Reflecting upon Justice Chandru's professional history as a lawyer, I am aware that the legal profession, at its best institutional function, excels in simple technical rule manipulation for compensated clients. Legal practitioners are the officers of the court bearing institutional responsibility for justice maintenance and rule-of-law advancement. The constitutional framework to which practitioners take oath excels abstract documentary status; it constitutes a substantive commitment to human dignity and constitutional equality.
Minority communities, including Scheduled Castes and Scheduled Tribes, advance materially only when governmental and societal institutions function consistently with the constitutional letter and spirit. This requirement surpasses statutory enactment and judicial determination; it necessitates social consciousness transformation and political implementation commitment. Justice Chandru has demonstrated that although the judiciary confronts substantive institutional restrictions, it possesses remarkable transformative potential when occupied by individuals committed to legal values and justice advancement.
His post-retirement period has maintained a commitment to community service, composition of legal and social analysis, instruction in legal institutions, judicial academies, and response to ordinary citizen legal inquiries. He maintains that work undertaken during judicial service continues as his ongoing institutional commitment, reflecting his understanding that justice is beyond the courtroom confinement and extends across all social institutional dimensions.
Justice Chandru's professional trajectory simultaneously represents institutional accomplishment. In a profession characteristically marked by ethical compromise, financial acquisition, and power exercise, he has pursued an alternative trajectory.

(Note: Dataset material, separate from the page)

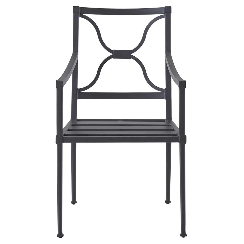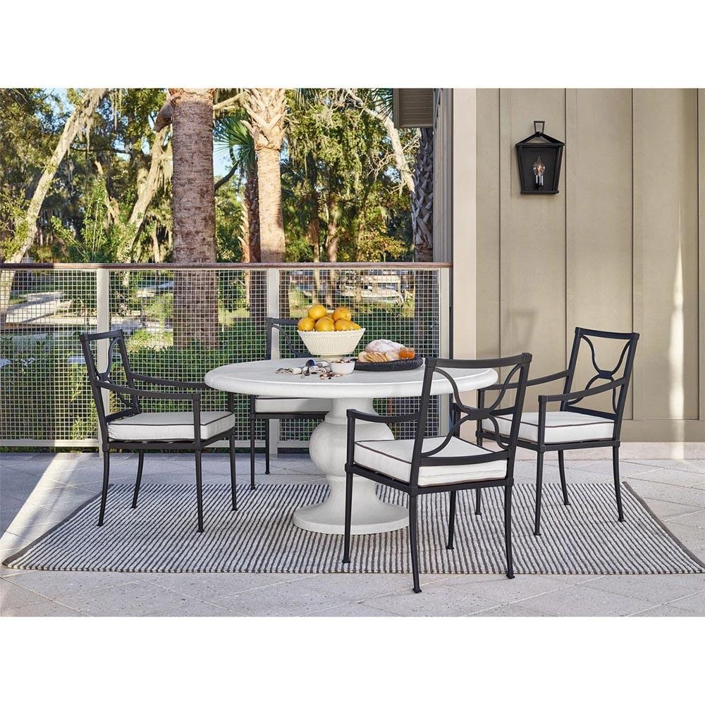 Lindale French Country White Cushion Grey Aluminum Outdoor Dining Arm Chair

He has established that law practice with uncompromised integrity remains achievable, that judicial elevation need not produce institutional corruption, and that professional capabilities can advance justice and human rights.
For emerging legal practitioners and prospective judges in India, his professional example presents a simultaneous challenge and possibility. The challenge demands institutional examination of whether work serves power or disadvantaged populations, whether professional practice advances justice or participates in injustice. The possibility invites reconceptualisation that law and legal practitioners might function constitutionally by advancing justice, economic and social, as well as procedural.

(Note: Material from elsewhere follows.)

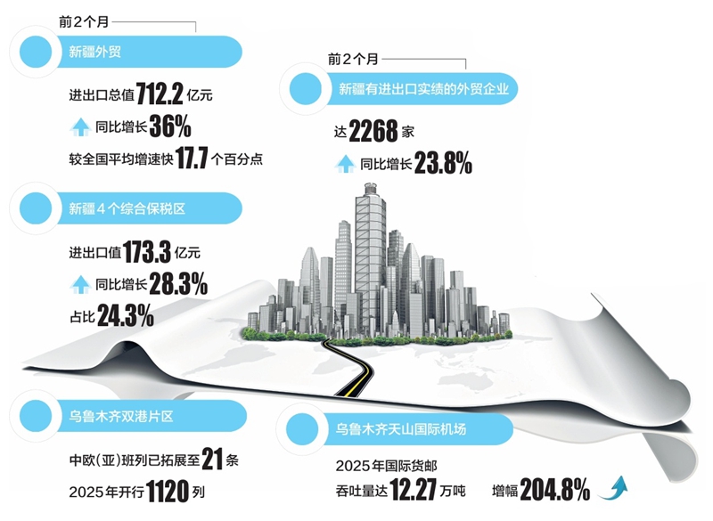 乌鲁木齐海关数据显示,今年前2个月,全疆外贸进出口总值712.2亿元,同比增长36%,较全国平均增速快17.7个百分点,交出亮眼成绩单。

As India continues confronting justice, equality, and rights questions, his professional history and constitutional jurisprudence maintain profound contemporary significance. His determinations continue functioning as judicial authority; his analytical writings continue guiding those seeking constitutional justice comprehension; and his professional example continues inspiring those maintaining faith that constitutional law can function as an instrument protecting vulnerable institutional populations against state violence and systemic deprivation.

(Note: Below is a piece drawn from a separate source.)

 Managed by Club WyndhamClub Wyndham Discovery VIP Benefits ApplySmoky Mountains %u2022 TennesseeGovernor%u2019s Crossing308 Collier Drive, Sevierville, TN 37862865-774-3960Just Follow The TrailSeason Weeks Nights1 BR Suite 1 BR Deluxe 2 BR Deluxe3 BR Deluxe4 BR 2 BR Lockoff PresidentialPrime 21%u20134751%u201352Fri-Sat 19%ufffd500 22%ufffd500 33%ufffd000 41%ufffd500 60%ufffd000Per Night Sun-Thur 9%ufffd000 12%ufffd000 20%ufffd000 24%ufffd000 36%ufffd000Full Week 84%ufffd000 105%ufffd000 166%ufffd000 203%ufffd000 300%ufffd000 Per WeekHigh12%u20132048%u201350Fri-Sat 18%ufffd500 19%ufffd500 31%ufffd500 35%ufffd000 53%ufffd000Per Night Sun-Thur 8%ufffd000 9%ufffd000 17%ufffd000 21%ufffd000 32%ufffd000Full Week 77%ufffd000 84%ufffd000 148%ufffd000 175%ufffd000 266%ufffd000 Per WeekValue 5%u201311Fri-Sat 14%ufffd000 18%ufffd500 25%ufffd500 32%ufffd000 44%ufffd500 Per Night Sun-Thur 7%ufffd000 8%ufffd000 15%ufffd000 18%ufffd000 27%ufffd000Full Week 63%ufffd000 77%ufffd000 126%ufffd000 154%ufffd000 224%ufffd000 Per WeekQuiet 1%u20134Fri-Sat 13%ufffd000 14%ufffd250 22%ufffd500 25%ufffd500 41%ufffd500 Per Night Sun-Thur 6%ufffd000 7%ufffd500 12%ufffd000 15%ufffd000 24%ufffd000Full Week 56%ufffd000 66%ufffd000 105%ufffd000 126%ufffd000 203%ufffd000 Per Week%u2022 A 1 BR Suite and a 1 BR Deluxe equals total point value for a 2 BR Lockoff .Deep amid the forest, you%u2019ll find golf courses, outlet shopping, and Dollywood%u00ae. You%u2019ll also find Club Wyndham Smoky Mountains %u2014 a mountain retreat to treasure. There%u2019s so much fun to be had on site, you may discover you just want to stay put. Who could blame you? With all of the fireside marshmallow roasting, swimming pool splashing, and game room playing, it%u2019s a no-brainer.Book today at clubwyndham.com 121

Lastly, Justice his journey reminds us that the role of a judge is not confined to merely hearing the arguments of the plaintiff and the defendant. It extends further to the application and interpretation of the law. Moreover, one must remember that justice is not only about being done but also about being seen to be done. The public must be able to perceive, on the face of it, that the judgment pronounced upholds the principles of natural justice. Only when justice is both delivered and visibly affirmed in the courtroom can a judge be said to have truly fulfilled his duty.